Dans quelle mesure l’IMC omniprésent, qui est la valeur fondamentale des études scientifiques, est-il vraiment approprié ? Elle transforme (le nombre relativement faible) de personnes ayant un pourcentage élevé de muscles en personnes en surpoids et de personnes âgées atteintes de sarcopénie et d’un pourcentage de graisse corporelle accru en personnes de poids apparemment normal. Avec la circonférence abdominale, il n’est pas nécessairement plus beau. Le pourcentage de muscles n’est-il pas le meilleur indicateur de la qualité et de l’espérance de vie ?

Modèle de maladie prévalente ou accidentelle – telle est la question

Dans tous les cas, l’IMC en tant que tel est un paramètre de substitution et non une entité pathologique. Les processus dynamiques de la maladie ne peuvent pas être cartographiés avec elle de manière différenciée. Une étude démographique4 des États-Unis, publiée en décembre dernier, portait sur la méthodologie d’évaluation des données. L’analyse a confirmé le paradoxe de l’obésité dans les maladies cardiovasculaires (MCV) prévalentes, mais n’a pas trouvé d’avantage de survie lié au surpoids dans les MCV accidentelles.

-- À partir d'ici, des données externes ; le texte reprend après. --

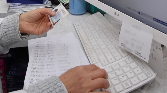 '마스크 5부제'가 시행된 9일 서울 종로구의 한 약국에서 이날 마스크 구매자들의 이름과 주민등록번호를 적어놓은 메모가 보이고 있다. 이날부터 약국에서 공적 마스크를 출생연도 끝자리에 따라 정해진 요일에 1인당 2매만 살 수 있다. 만 10세 이하 어린이와 만 80세 이상 노인을 위한 대리구매도 가능하다./김현민 기자 kimhyun81@
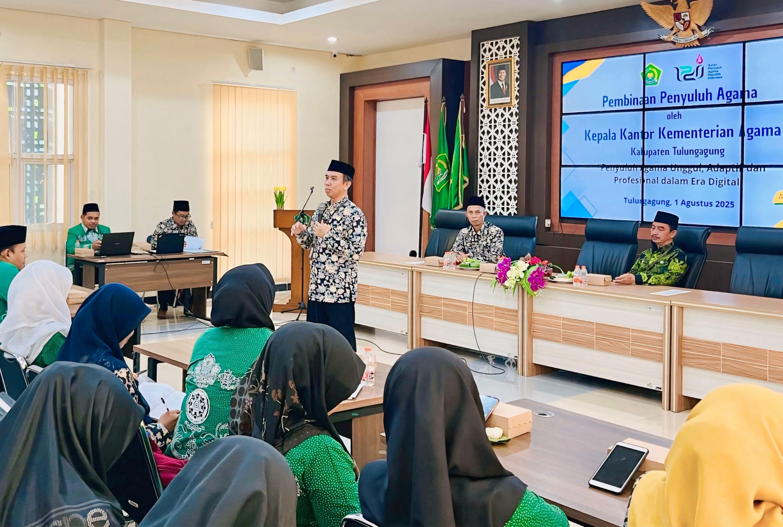 Tulungagung – Jum’at, 1 Agustus 2025 bertempat di Aula PLHUT Kementerian Agama Kabupaten Tulungagung dilaksanakan pembinaan Penyuluh Agama. Pembinaan diikuti oleh 104 Penyuluh Agama, baik dari Penyuluh Agama Islam maupun Penyuluh Agama Katholik.

Dans les modèles de maladies prévalentes, le statut de poids actuel a été utilisé, tandis que dans les modèles de maladies incidentes, le statut de poids avant le diagnostic a été utilisé. Les auteurs ne voient aucune raison de réévaluer les directives de pratique clinique ou de santé publique pour poursuivre un paradoxe potentiel de l’obésité.

C’est ce que l’intuition saine perçoit de toute façon : en bonne santé et en bonne graisse, il est plus malsain que sain et mince, mais toujours plus sain que malade, qu’il soit gros ou mince.